Yes the story invites the inevtiable, insipid jokes about Microsoft and unstable software. Some are even clever. Some might even be funny.
It is worth pointing out the scale of this proejct for those who can't (or won't) accept it: cars are simpler than general purpose computers. Yes, cars are complicated machines with lots of interworking parts. However, the hardware installation on a car is fixed (within paramters) whereas today's general purpose PCs are not.
The flexibility of modern computer peripherals makes for seemingly endless combinations of hardware and existing software. Microsoft attempts to support quite a few of those combinations, with the mixed results we see today.

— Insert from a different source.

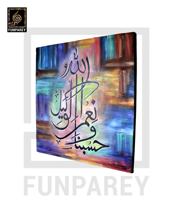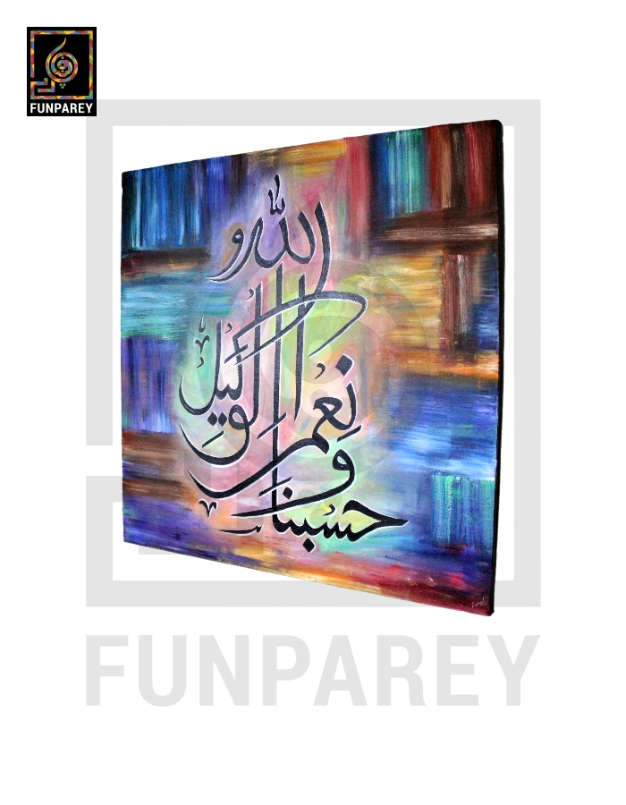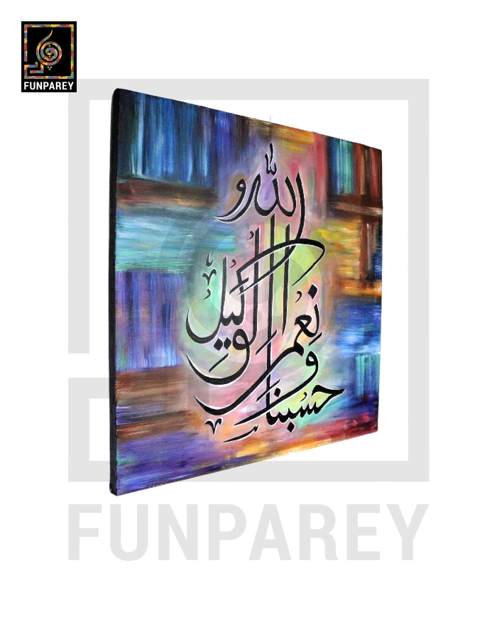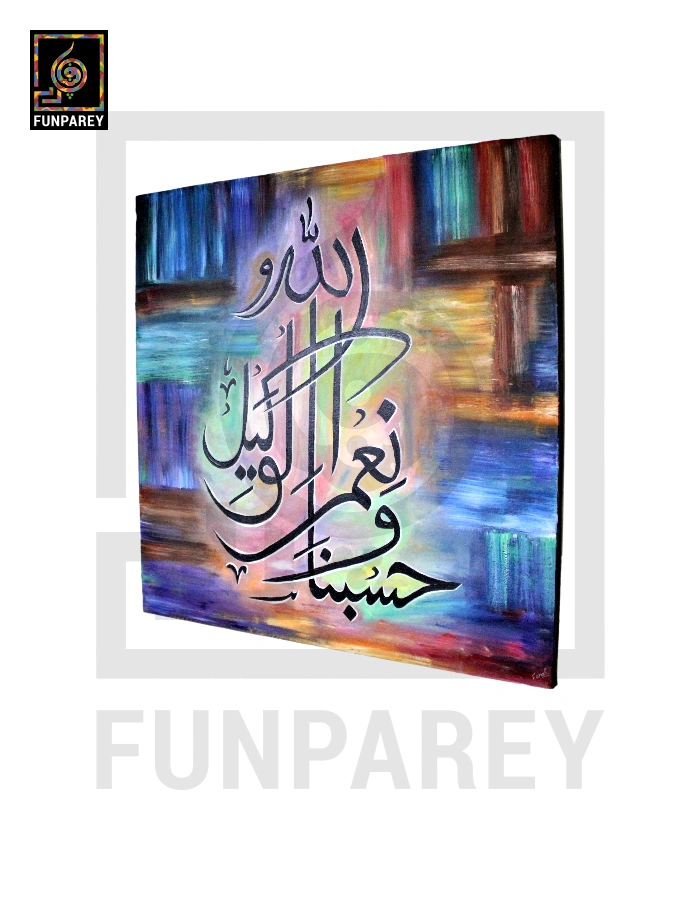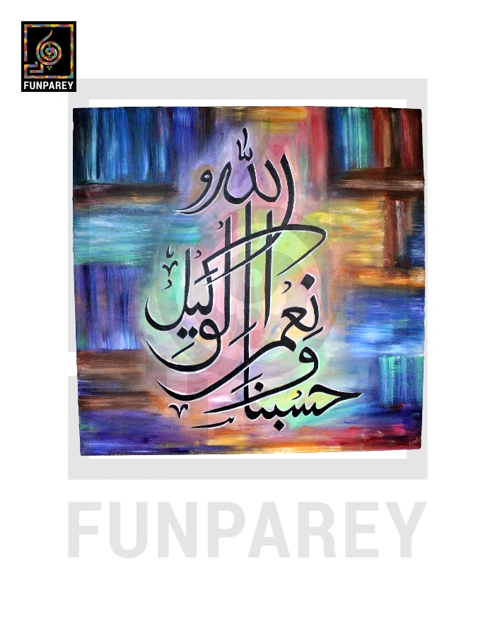 - The Islamic calligraphy on the colorful abstract are Verses in Quran from Surah Āl-‘Imrān, Ayah: 173 (Arabic: حسبنا الله ونعم الوكيل Urdu: ہمیں اللہ کافی ہے اور وه بہت اچھا کارساز ہے) which means: “Allah

But cars are a different beast. I bet it's possible to get good test coverage of this car software through test driving. The scope is that much smaller. Think of your favorite console game; has it crashed recently? Ever? It is possible to create software that passes some reliability metric with a fixed hardware platform. A general purpose OS would be hard pressed to make that guarantee.
Microsoft could get this right technically speaking. It remains to be if they do.
Oh, and is it a good idea? I wouldn't buy one :)
Just a few weeks ago my wife and I were leaving a restaurant's parking lot after dinner and the engine was running really rough. I mean really, really rough, and this truck has always run fine before. It coughed and it gasped, and the power was just not there. I stopped and started the engine, but it still continued to run rough. I got maybe a half mile down the road when I realized I wasn't even going to make it home.
I pulled to the shoulder, and was going to phone my son to come pick us up when I said "hey, what happens if I reboot this thing?" So I turned off the engine, let it sit totally dark for about five seconds, then started it up. It started right up and took off, no problems, no choking, no gasping.
A cold reboot fixed my truck.
And now Microsoft wants them to run WINDOWS on this thing? Words fail me.